17. Don’t give pens, money, or sweets to the local people you encounter on visits to villages and it can encourage begging and may be seen to establish a non-equal relationship between tourist and local with tourists being seen as simply ‘givers’ giving to ‘the poor’. Instead, buy local handicrafts directly from villagers and show an interest in their skills. Sweets may seem like an ideal gift for children, but access to dentists is extremely limited to rural dwellers and the last thing you want to give them is tooth decay!
18. Hassle by touts is on the rise in Nepal and it’s likely you’ll get accosted at the airport and in Kathmandu and offered drugs, treks and sex. They’re not as aggressive as in India – ignore them and they’re likely to ignore you. If they don’t, ask politely if they’ll leave you alone – do not be rude, as they’ll take it personally.
19. Dealing with beggars is par for the course in Nepal. Adjust to the pathos quickly – few beggars are bona fide and helping those that are will only encourage those that aren’t. Do not give away medicines either; instead donate them to the destitute at Kathmandu’s Bir Hospital, or at the Himalayan Buddhist Meditation Centre in Kathmandu.

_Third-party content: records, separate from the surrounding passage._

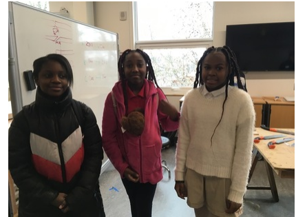
friends comparing scarf joint results!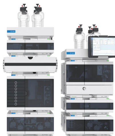
1290 Infinity II LC Workflow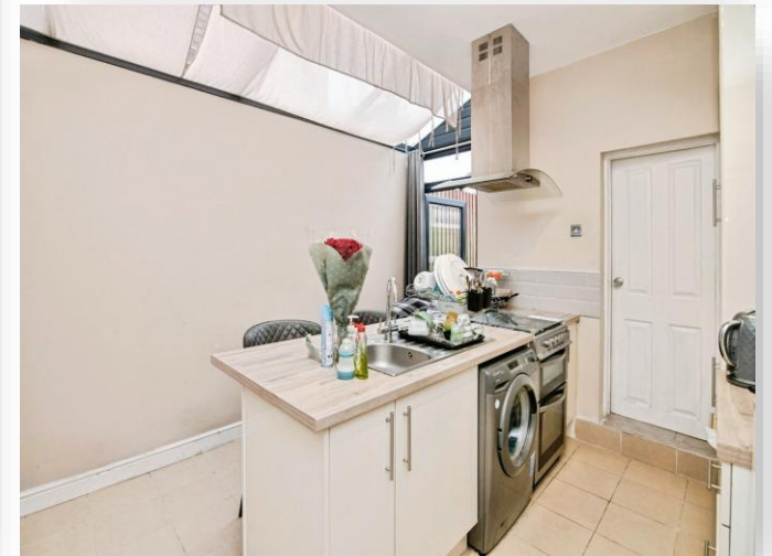
Rathbone Road, Smethwick B67 5JF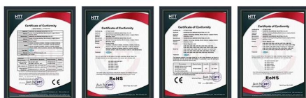
Access Control CE Access Control RoHS EM Lock EMC Certificate EM Lock RoHS Certificate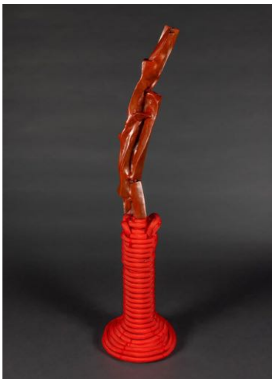
Barbara Chase-Riboud, 'La Musica Amnesia Red,' 2024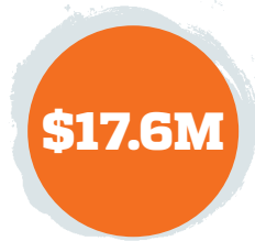
Salaries & Benefits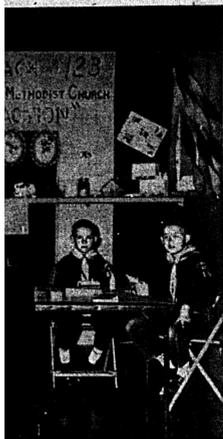
den mother, is shown with Cubs of the den demonstrating their prowess in handiwork.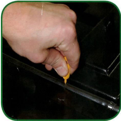
Pierce piping for fitting Cobra hosing in desired position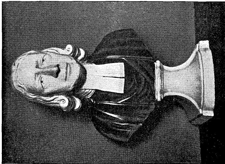
1. Front view.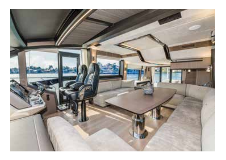
Twin helm chairs and plush, U-shaped seating around a forward dining settee are hallmarks of the luxury you'll find aboard this yacht.

Note: Layout and features may vary from shown here due to manufacturer consideration and client customization.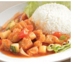
RC06 Sweet & Sour Chicken Rice 酸甜鸡丁饭 $7.20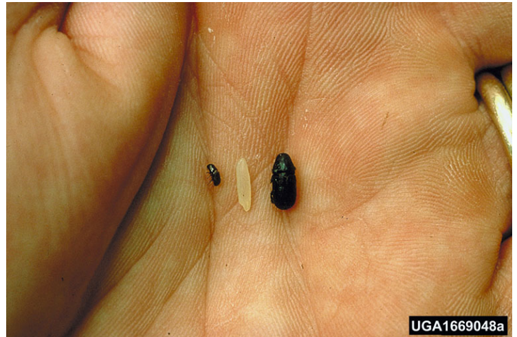
A southern pine beetle on the left, grain of rice in the middle and a black turpentine beetle on the right.

20. The litter problem in Nepal is growing and has increased with the wider availability of pre-packaged goods. Keep your waste to a minimum – avoid accepting plastic bags from shops and reuse the ones you have, buy additional food from local markets to avoid packaging, take an empty plastic bag with you on treks, so you can pick up any additional litter you might spot and take particularly harmful waste, such as batteries, back to Kathmandu with you.
21. Marijuana and other ‘recreational’ drugs are widely available in Nepal although totally illegal. If caught in possession, drugs carry huge fines and up to 20 years imprisonment.